O’Brien had just turned 30 when he was handed the opportunity to host Late Night, and the team of writers he assembled included Louis CK, Bob Odenkirk, Robert Smigel and more — absurdists who fed off a comedic energy which appealed to the young and puzzled the old. This lanky, pale, fidgety oddball who seemed simultaneously 13 and 130 — what was he doing in the grown man’s world of late night television? Well, it turned out he was inspiring a generation of comedians — the final sequence of his TBS show has churned through one tribute after another — through a dedication to crazy, wacky humor your dad didn’t get.
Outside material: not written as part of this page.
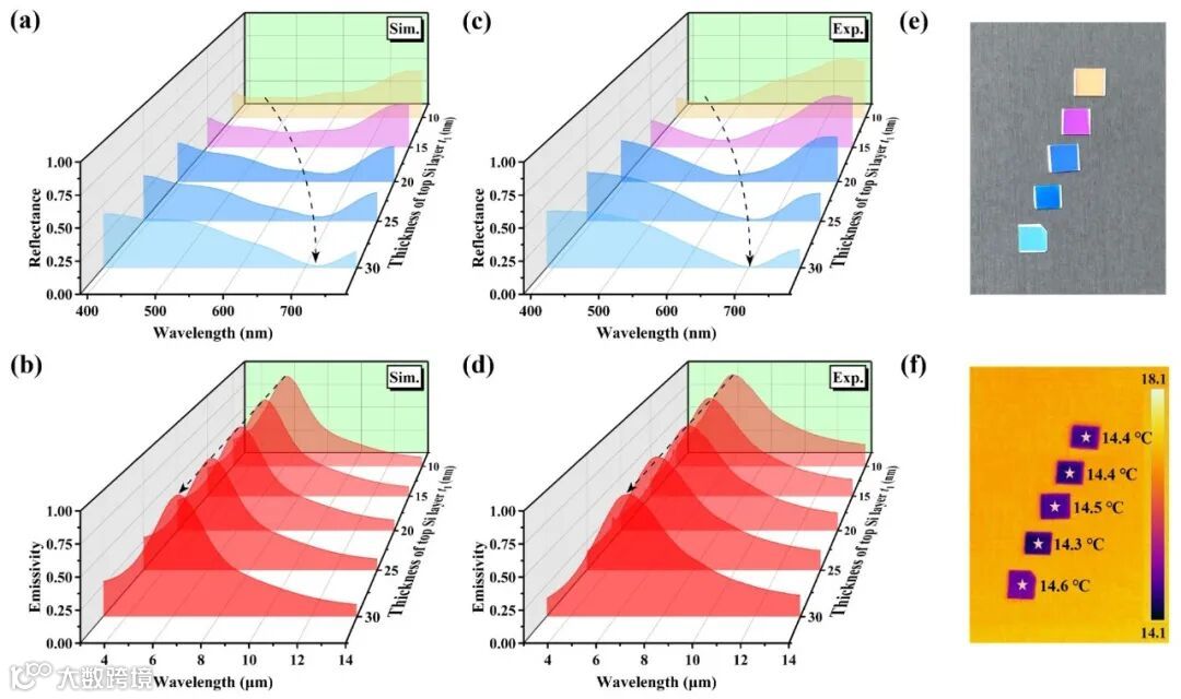在合适的设定底部三层厚度并保持不变的情况下,改变顶层Si的厚度,超构薄膜可见光谱的特征会随之变化,而红外辐射谱的性质则保持不变(结果如图2所示)。也就是说,我们可以通过改变顶层Si的厚度,使超构薄膜呈现不同的颜色,以适应不同背景,同时保证在红外大气透明窗口低辐射以抑制其红外热辐射,和红外大气非透明窗口高辐射以实现辐射降温的性质不变。这样可见-红外即可解耦调控,实现可见-红外兼容伪装的要求。

Right before O’Brien got the job at NBC, he had been working as a writer on The Simpsons, and famously penned one of the greatest episodes in the entire series: Marge vs. The Monorail, a Music Man parody that manages to be so much more. The absurdist nature of the episode was controversial at the time — Yeardley Smith, in keeping with her role as permanent buzzkill Lisa Simpson, pronounced it one of the worst episodes — but it represents the kind of timeless, ridiculous humor that O’Brien would personally bring to television as a host.
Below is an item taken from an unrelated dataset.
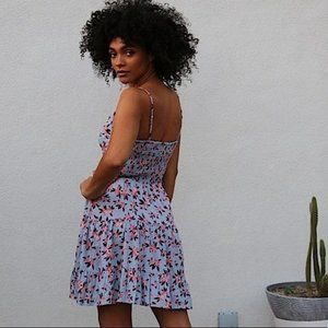Floral Mini Dress w/ smocked back bodice. Adjustable straps. Perfect for the beach or any vacation.

O’Brien gives no indication of having any political differences with the other hosts in his sphere – he’s interviewed the Obamas and Hillary Clinton on his podcast, and his sidekick Andy Richter is a notorious leftist troll online – but he never leaned into politics on his show. Perhaps if he had he would still have one, but that would’ve taken away from the form of comedy he represents, and it seems he understands that. He would rather make you laugh than make you clap.

Nowadays, O’Brien exists as part of that expanded universe of podcasts where people reminisce about Lorne Michaels. In his interviews, his penchant for dark humor remains vibrant in a way that seems completely out of touch with the self-serious hosts of today. On an episode of Conan O’Brien Needs A Friend from 2019 with Bob Newhart, there is a sequence around the 57th minute where the delivery is just perfection. It’s absolutely hilarious, and it also seems like the type of joke that would get you a call from the network. And that’s the kind of funny Conan O’Brien brought us. He will be missed.